RECORDS SUPPLIED –
┄┄┄┄┄┄┄┄┄┄

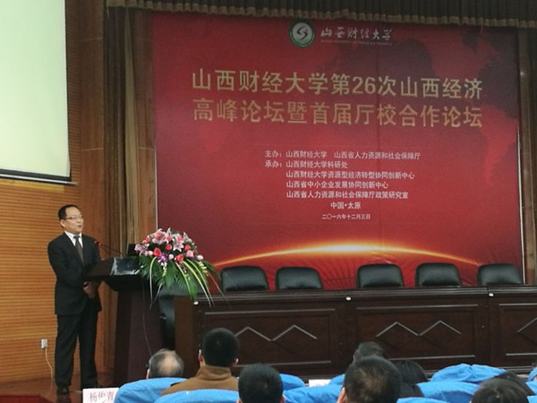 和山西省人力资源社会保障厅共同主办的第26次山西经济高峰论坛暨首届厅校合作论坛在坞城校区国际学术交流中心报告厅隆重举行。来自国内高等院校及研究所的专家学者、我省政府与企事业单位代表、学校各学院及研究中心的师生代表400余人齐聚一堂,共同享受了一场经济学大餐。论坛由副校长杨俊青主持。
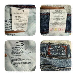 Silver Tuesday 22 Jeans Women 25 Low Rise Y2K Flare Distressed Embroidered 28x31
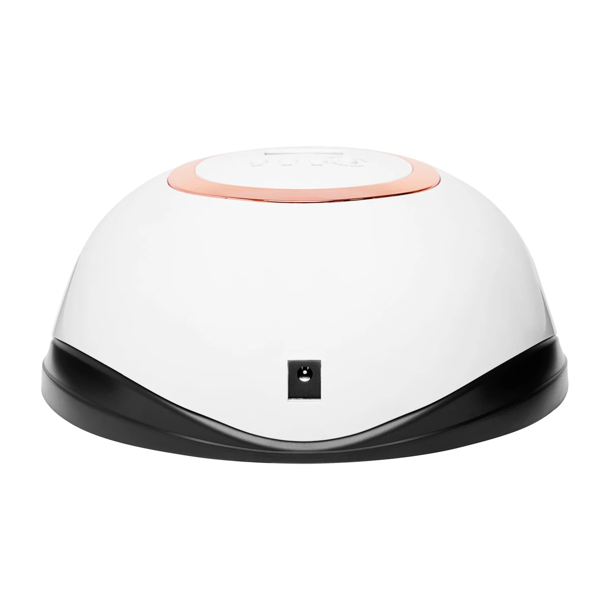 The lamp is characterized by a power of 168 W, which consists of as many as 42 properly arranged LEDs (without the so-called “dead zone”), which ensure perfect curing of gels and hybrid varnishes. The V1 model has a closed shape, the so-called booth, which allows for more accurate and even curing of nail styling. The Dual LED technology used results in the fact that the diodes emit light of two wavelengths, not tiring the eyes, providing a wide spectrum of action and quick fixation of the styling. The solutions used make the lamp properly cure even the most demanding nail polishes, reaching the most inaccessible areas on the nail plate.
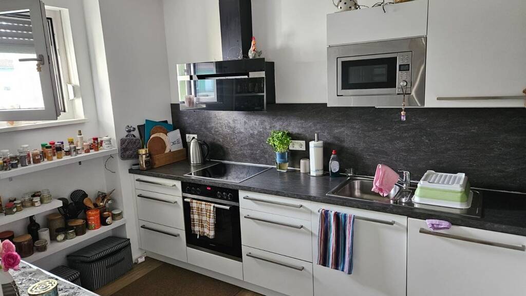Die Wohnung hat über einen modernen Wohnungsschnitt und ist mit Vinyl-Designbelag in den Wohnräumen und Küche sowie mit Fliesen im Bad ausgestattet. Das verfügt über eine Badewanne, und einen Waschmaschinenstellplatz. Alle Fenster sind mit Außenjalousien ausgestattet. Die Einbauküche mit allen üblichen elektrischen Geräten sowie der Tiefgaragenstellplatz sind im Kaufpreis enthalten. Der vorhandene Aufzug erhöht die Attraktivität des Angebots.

┄┄┄┄┄┄┄┄┄┄

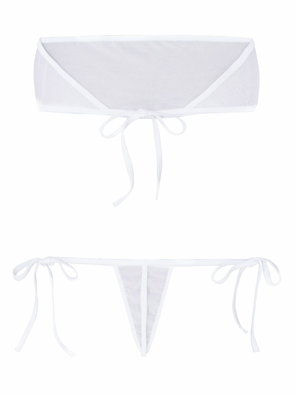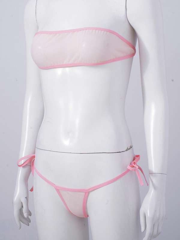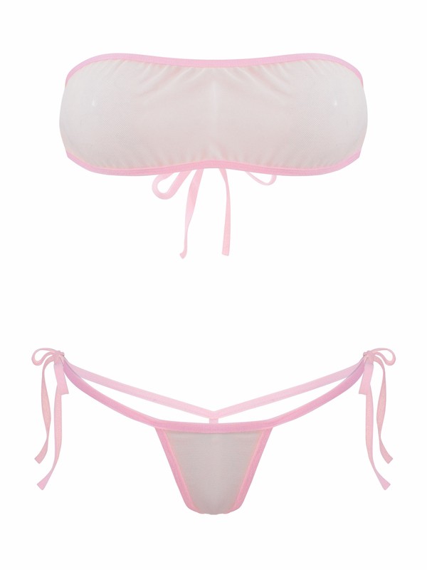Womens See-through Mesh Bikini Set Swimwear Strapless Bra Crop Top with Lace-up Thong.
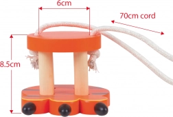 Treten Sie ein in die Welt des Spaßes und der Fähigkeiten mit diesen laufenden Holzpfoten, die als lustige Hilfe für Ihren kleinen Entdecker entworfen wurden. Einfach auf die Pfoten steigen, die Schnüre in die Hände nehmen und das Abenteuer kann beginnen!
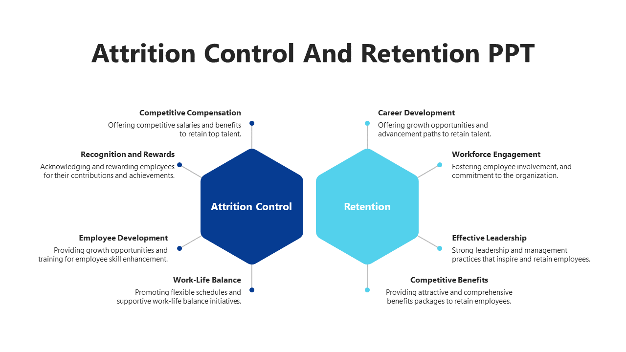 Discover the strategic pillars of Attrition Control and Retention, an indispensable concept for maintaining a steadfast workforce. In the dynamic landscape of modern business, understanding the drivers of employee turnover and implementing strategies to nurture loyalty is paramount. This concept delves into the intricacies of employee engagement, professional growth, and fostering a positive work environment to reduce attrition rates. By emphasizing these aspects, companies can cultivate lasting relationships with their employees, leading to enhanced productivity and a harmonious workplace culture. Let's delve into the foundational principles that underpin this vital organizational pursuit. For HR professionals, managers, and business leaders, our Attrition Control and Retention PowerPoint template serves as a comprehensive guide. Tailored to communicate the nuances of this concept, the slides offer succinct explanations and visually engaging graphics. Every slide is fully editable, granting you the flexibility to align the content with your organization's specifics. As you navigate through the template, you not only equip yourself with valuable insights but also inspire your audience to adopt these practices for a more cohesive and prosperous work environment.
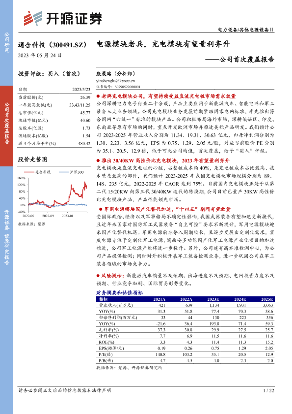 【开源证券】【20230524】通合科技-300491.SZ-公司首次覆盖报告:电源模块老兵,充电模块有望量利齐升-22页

┄┄┄┄┄┄┄┄┄┄

WHAT YOU ARE ASKED TO DO – Look above for the line with "Womens See-through Mesh" and the line with "Treten Sie ein"; set down those two lines and all lines between them exactly, without pictures and without anything else.

TASK RESULT –
Womens See-through Mesh Bikini Set Swimwear Strapless Bra Crop Top with Lace-up Thong.
 Treten Sie ein in die Welt des Spaßes und der Fähigkeiten mit diesen laufenden Holzpfoten, die als lustige Hilfe für Ihren kleinen Entdecker entworfen wurden. Einfach auf die Pfoten steigen, die Schnüre in die Hände nehmen und das Abenteuer kann beginnen!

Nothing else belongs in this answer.